JOINT BASE MYER-HENDERSON HALL, Va. — Sgt. Maj. of the Army Daniel A. Dailey recognized Sgt. James McBray of 1st Brigade, 10th Mountain Division, as the 2015 Meat Gazer of the Year, the Army announced Monday.

“I’ve never seen a soldier get after meat gazing with the personal courage and never-quit attitude that McBray embodies,” Dailey said. “McBray’s execution of the locker room casual glance technique (LRCGT) has inspired a new field manual on the subject.”

Dailey went on to cite McBray’s intrepid service as a urinalysis observer. “McBray lives the Army Values by always directly observing the voiding of urine into the specimen bottle at a distance of no more than 6 inches, in accordance with Appendix E, Army Regulation 600–85.”

“McBray is a consummate pro,” said Spc.
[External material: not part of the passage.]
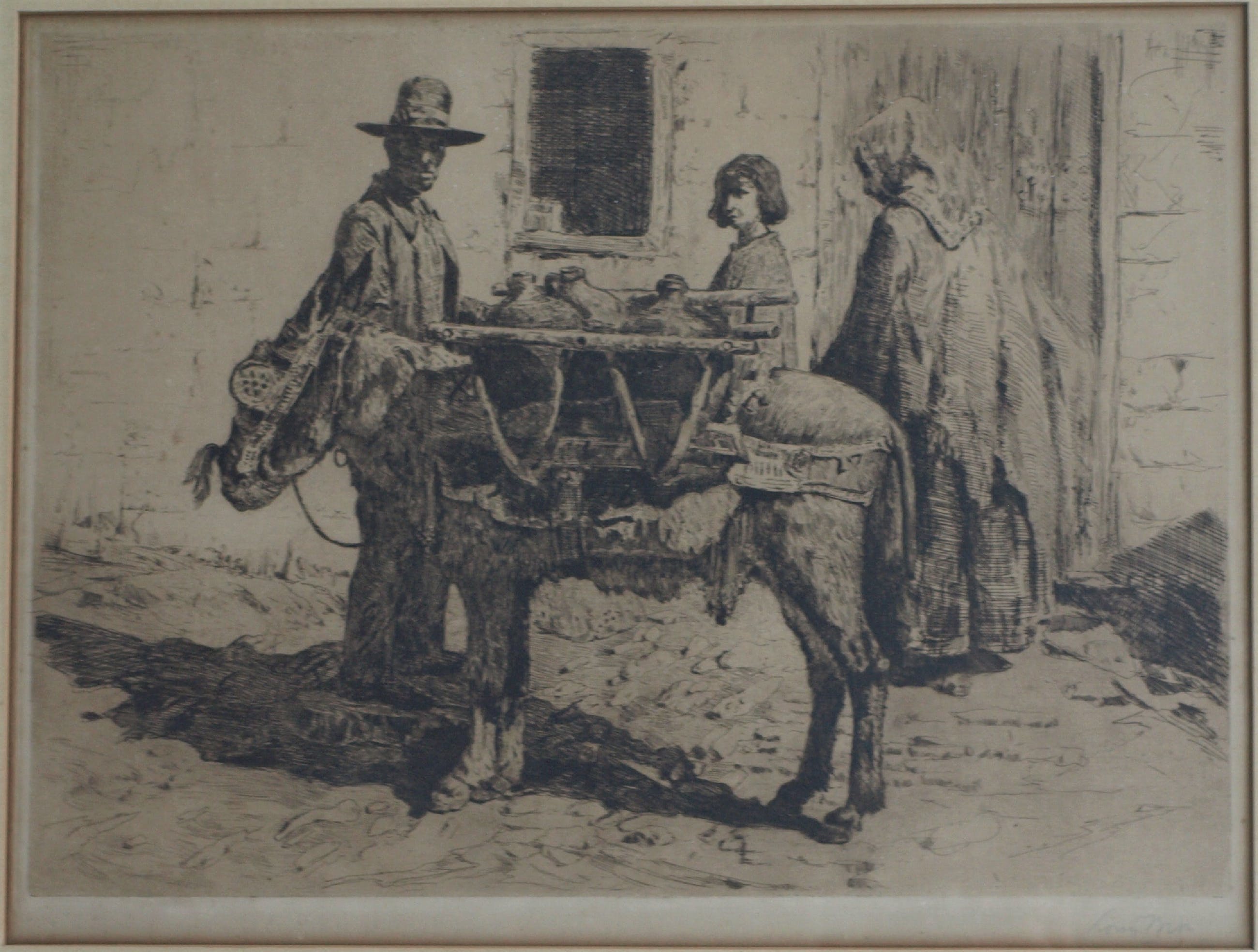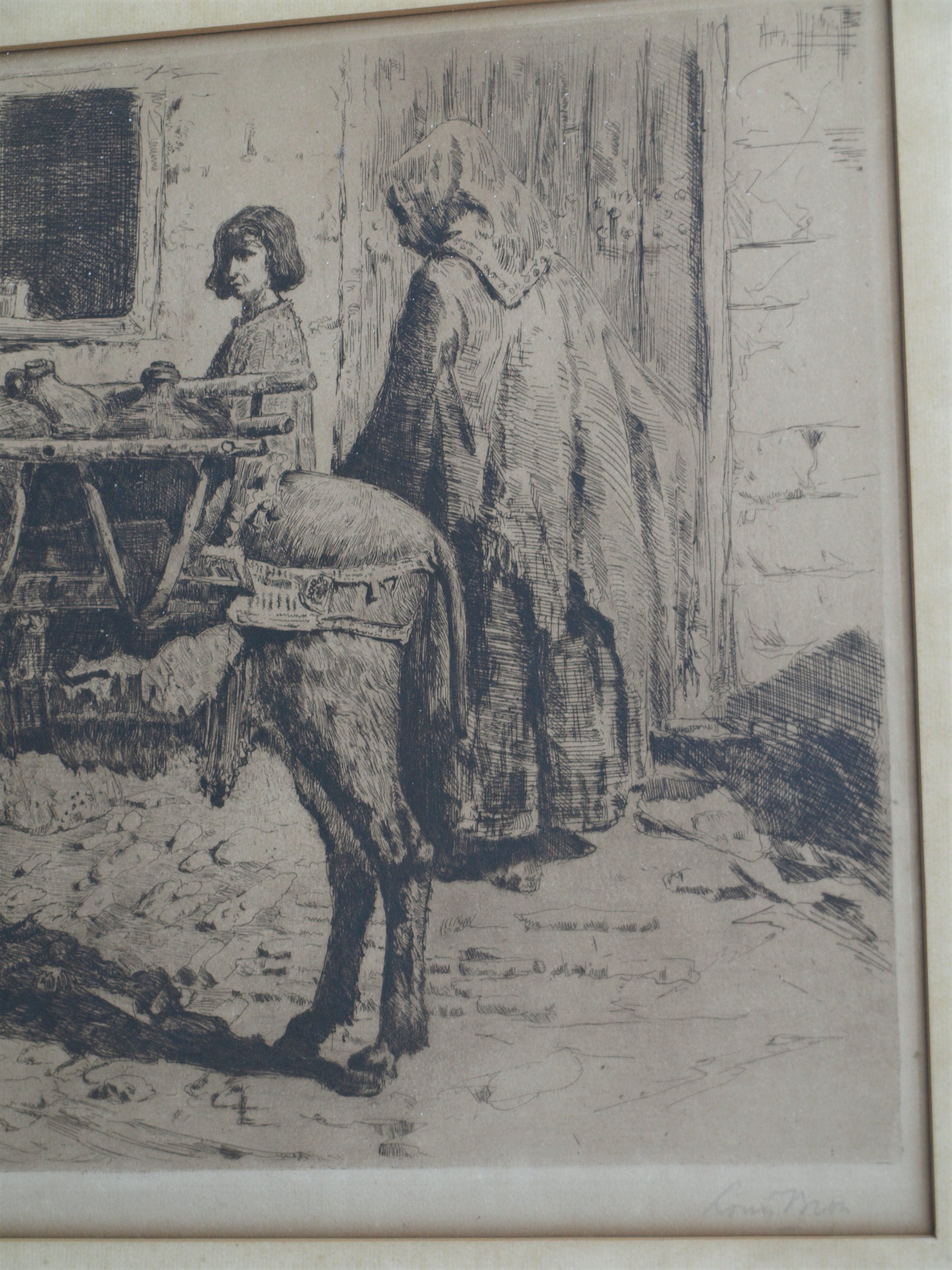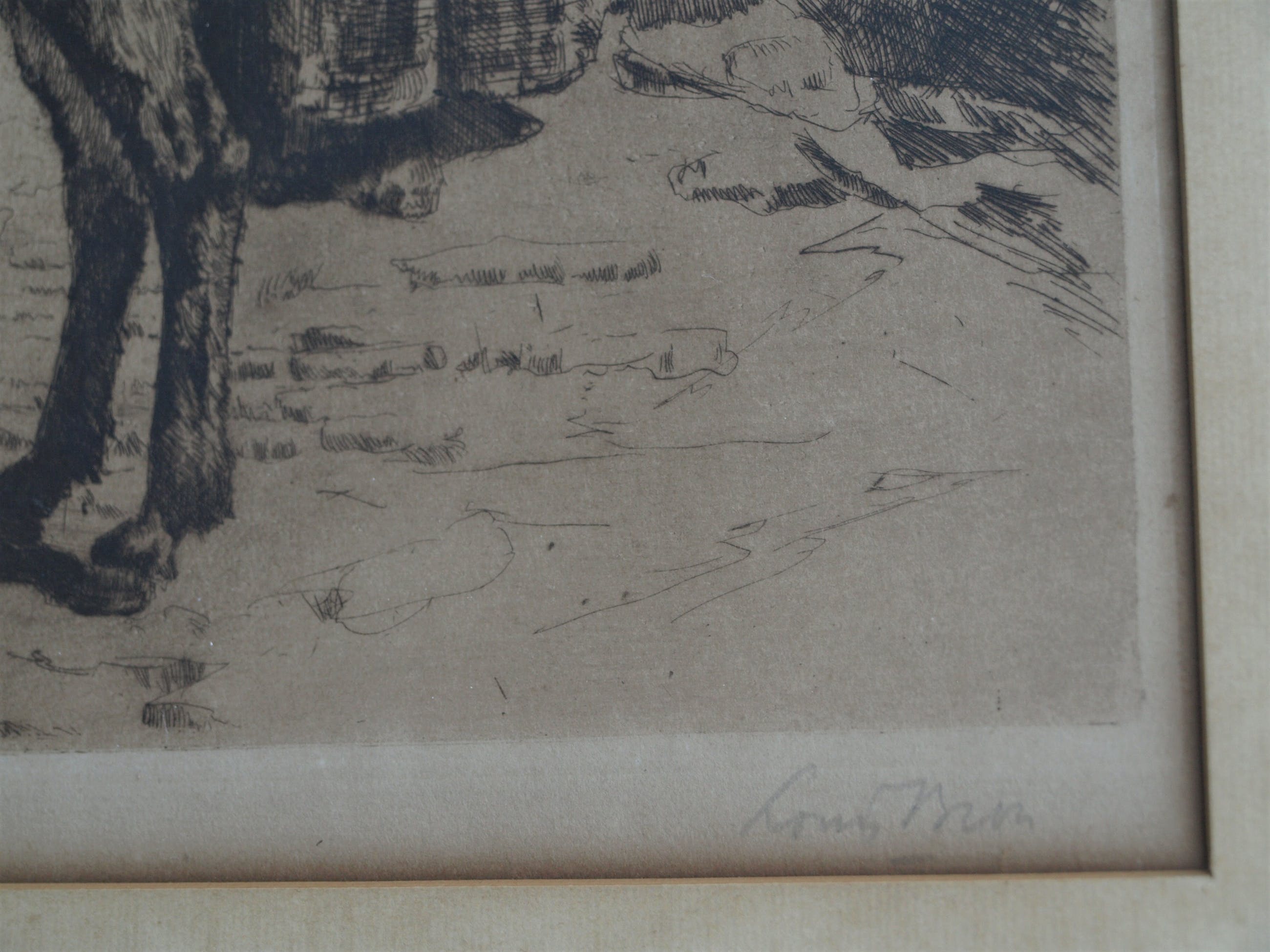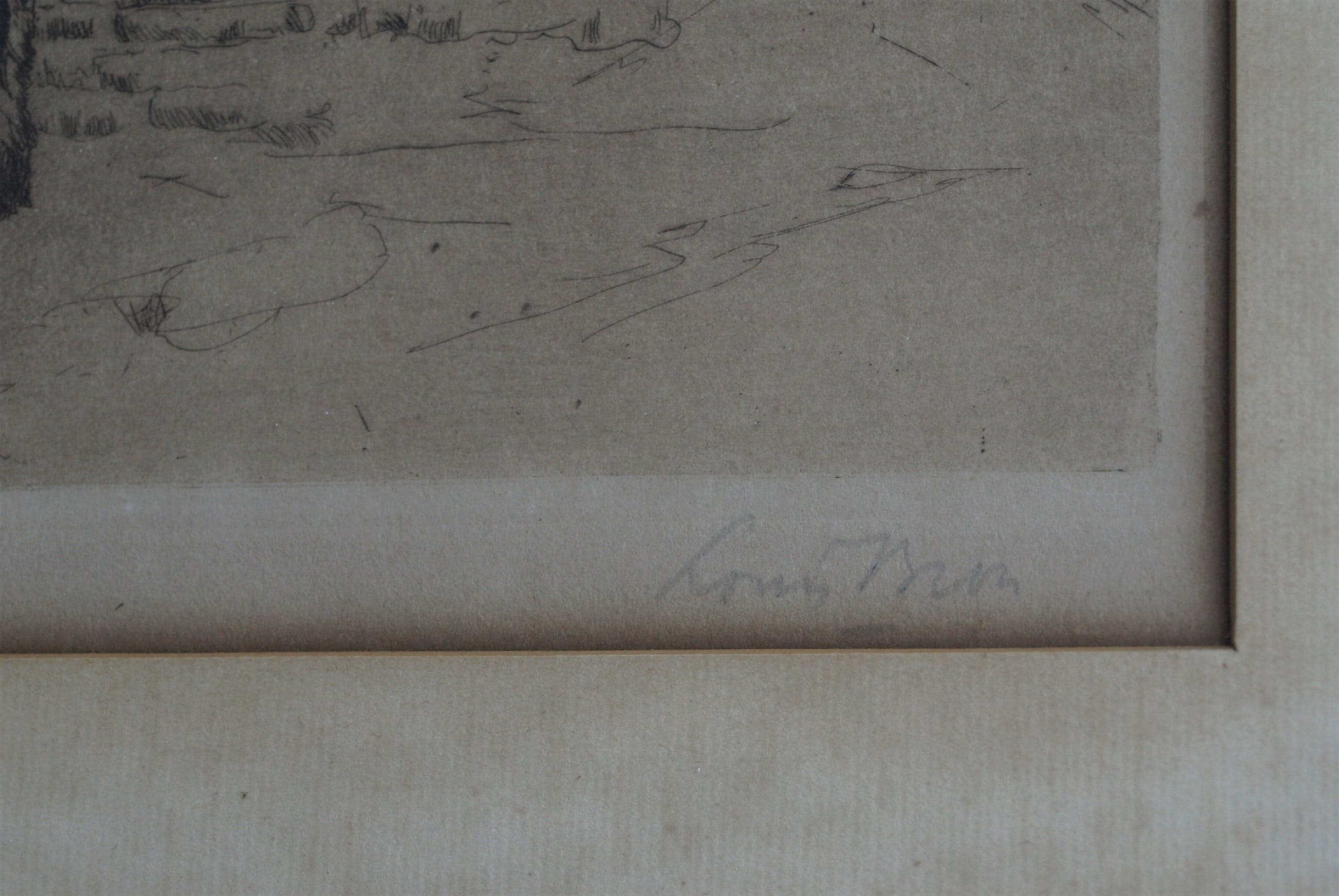 Een ingelijste ets uit ca 1925 van de Nederlandse kunstenaar Louis Bron (1884-1959).

Chardee Diaz, the 2014 Meat Gazer of the Year who was present for the ceremony and delivered the invocation. “McBray’s Google Hangouts seminar on peripheral vision was seminal and a field game-changer. Let us pray.”

His recognition did not come without controversy. According to one soldier close to McBray, he apparently spends way too much time at the gym shower just “dong ogling,” leading his skin to look like it’s made of prunes.

When reached for comment about the award, McBray was confused, argumentative, and responded in classic meat-gazer fashion: “I don’t stare at cocks. I like chicks, man.”